Other collections expected for a specific landing zone depend on the assay configuration. For detailed reference on which assay type expects which collections, see metadata_advanced.
Replacing Files
In the current implementation, overwriting existing files is not allowed. Upon attempting to upload a file into a collection where an identical file name already exists, the operation will roll back with a failure.
Hint
If an existing file needs to be updated or replaced, either upload the new version with a different name or request for the deletion of the original file.
Validating Files
To ensure your uploaded files are OK for being transferred into the project sample data, you can call on SODAR to validate them. To do this in the Landing Zones UI, open the dropdown next to your landing zone in the zone list and click Validate Files.
Clicking the link will temporarily lock the landing zone for read-only access
and start the validation process in the background. Duration of validation
depends on the amount of files in your zone. You can monitor the status of this
process in the landing zone list view. You will also receive an alert once the
validation is done. In the validation phase, missing iRODS checksums are also
calculated so they can be compared to the corresponding .md5
files.
If the validation was successful, your landing zone will return to the
ACTIVE
status and restore your write access. You can then upload more files
or go ahead with moving your files into the read-only sample data repository.
If an error is encountered during validation, the landing zone status is set
to FAILED
. The Status Info field in the landing zone list will contain
details of what failed. In most cases, these fall into the following categories:
File checksum does not match the accompanying MD5 checksum file.
An MD5 checksum file is missing.
An MD5 checksum file is present but the related file is missing.
At this point you can go back to fix the problems with your files and retry validation again.
Moving Files
Once you have finished uploading files into your landing zone and wish to transfer the files into the read-only sample data repository, you should open the dropdown next to your landing zones and select Validate and Move. This will trigger the validation process as described above and if successful, automatically proceed to move the files under the assay. As with validation this is done in the background and you can monitor the process in the landing zone list.
Hint
If it is enabled on the SODAR server, it is also possible to trigger moving
of files by creating an empty file with a specific name under your landing
zone. By default, this file is called .sodar_validate_and_move
. If you
wish to use this feature and are unsure of how the server is configured,
contact the server administrators for further information.
If successful, the status of your landing zone will be updated to MOVED
,
with the count of moved files excluding the MD5 checksum files. Cache update for
sample sheets is also initiated to ensure iRODS links are up-to-date in the UI.
You can then navigate to the Sample Sheets app
to view your files in the assay.
You will also receive an alert for the successful moving operation.
The landing zone is deleted after successfully moving files. The next time you view the zone list, it will no longer be displayed. To upload more files at a later time, you must create a new zone.
In case of a failure, the landing zone status is set to FAILED
along with a
description of the encountered error.

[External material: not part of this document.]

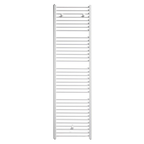 Le radiateur est réalisé en blanc brillant (RAL 9016), la couleur la plus utilisée dans les salles de bains. Il se combine donc facilement avec la céramique blanche, les meubles blancs et les robinets chromés. La finition laquée et lisse se nettoie aisément avec un chiffon doux, de sorte que la poussière et le calcaire ont peu de chances d’adhérer. Grâce aux six raccordements 1/2", dont un raccordement central en bas, vous disposez d’une grande liberté pour le raccorder à votre installation de chauffage central. C’est particulièrement pratique lorsque les conduites sont déjà en place ou lorsque vous remplacez un ancien radiateur et souhaitez réutiliser les raccordements existants. Vous gardez ainsi une installation efficace et souvent plus économique.

The operation is rolled back, with the
files returned to your landing zone and write access enabled. Similar to
validation errors, you can then fix the reported error and retry the moving
operation.
Landing Zone Deletion
You can delete any of your landing zones by clicking Delete Zone in the landing zone dropdown. After a confirmation dialogue, the landing zone along with all associated files in iRODS will be deleted.
Warning
Deleting a landing zone can not be undone!